Budget réduit pour l’exportation des vins de Provence

Sami Lekhal, L’Agriculteur provençal - Réussir Vigne Réussir SA

Budget réduit pour l’exportation des vins de Provence
Les rosés sont portés par un dynamisme économique remarquable. Le CIVP mise sur le marché intérieur. © P. Cronenberger

L’interprofession a décidé de réduire la voilure concernant le budget de promotion à l’exportation.

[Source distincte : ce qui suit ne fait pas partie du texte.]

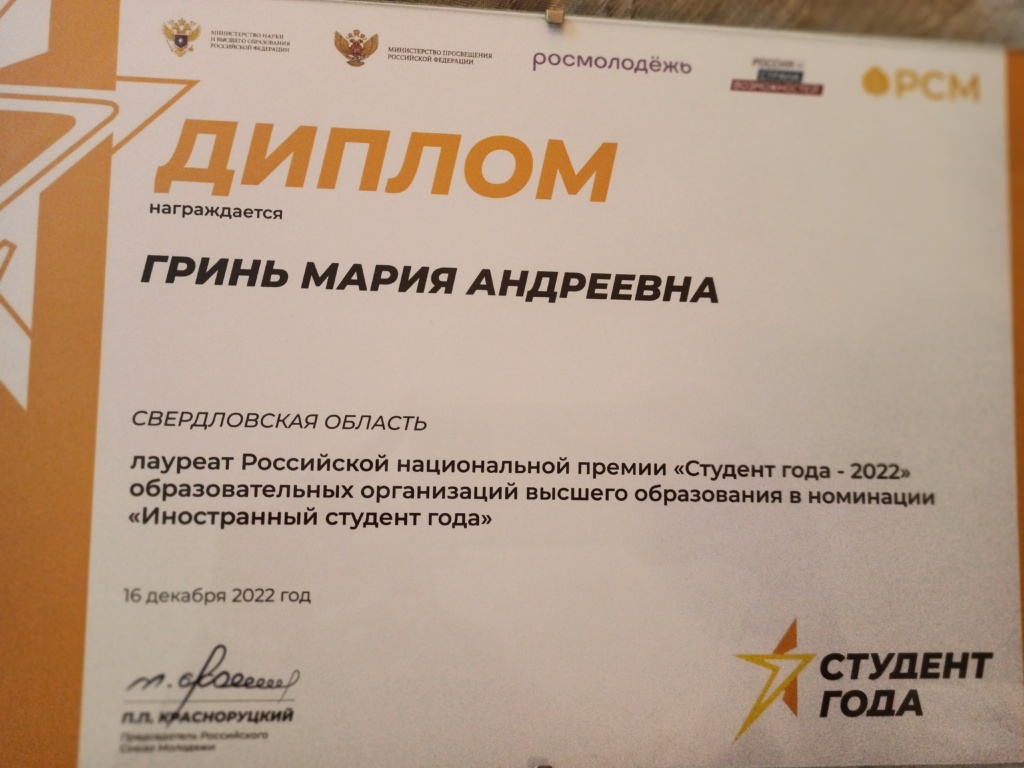 Студентка 4 курса СГФ Мария Гринь стала лауреатом Национальной премии «Студент года» в номинации «Иностранный студент»
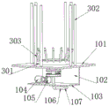 By the technical scheme, the test tube fixing assembly 3 is designed, the test tube cleaning column 303 is fixedly installed in the test tube fixing assembly, a test tube can be sleeved on the test tube cleaning column 303, the pressure generated during glass product washing can be well softened by the aid of the bending spring 303b during cleaning, the lower clamping groove 303g is matched with the clamping elastic plate 303h, and the test tube cleaning column 303 can be conveniently taken down integrally by means of plugging and unplugging to clean the whole device; wherein drive gear 105 fixed through the rotating electrical machines 104 output end of lower extreme meshes the water diversion disc 305 rotation of upper end for one number of fluted discs 109, the washing liquid after will supercharging through the booster valve 107 of lower extreme passes through limbers 304, spout water diversion hole 306, the even washing liquid that sprays to the test tube of its rotatory cooperation test tube column fixed turntable 301, mesh fluted disc 109 and fluted disc 111 for two numbers of from top to bottom through turning to tooth 110, turn to rotary power, make test tube column fixed turntable 301 opposite with water diversion disc 305's direction of rotation, make the number of times that water diversion hole 306 and test tube washing column 303 are crisscross become frequent, can make the abluent more clean of test tube.

Lors de son assemblée générale, le Conseil interprofessionnel des vins de Provence (CIVP) a annoncé réduire de 10 % les actions promotionnelles à l’exportation au profit du marché français. Une décision qui n’a pas manqué de produire quelques réactions de la part des participants. Pour les rosés de Provence, il existe en effet des marchés à fort potentiel, comme les États-Unis, le Canada, le Royaume-Uni, la Chine et autres Belgique et Allemagne. Comme l’a fait remarquer James de Roany, conseiller du commerce extérieur, “ il est dommage, alors qu’on sait que le marché français est saturé, que le CIVP réduise ses financements à l’export ”. Chiffres à l’appui, il a démontré que l’avenir économique se situait dans les pays étrangers (Asie, Amériques, Brésil, Russie…) à l’horizon 2050, posant la question de savoir si les responsables du CIVP avaient bien estimé les enjeux. Sous couvert d’amabilité, il remet en question une stratégie dont il doute : “ l’export est la seule zone de développement possible ”, insiste-t-il. Pour Guy Gaspérini, président de l’AOP côtes de provence, “ le cours magistral de M. de Roany était intéressant mais quelque peu chimérique ”.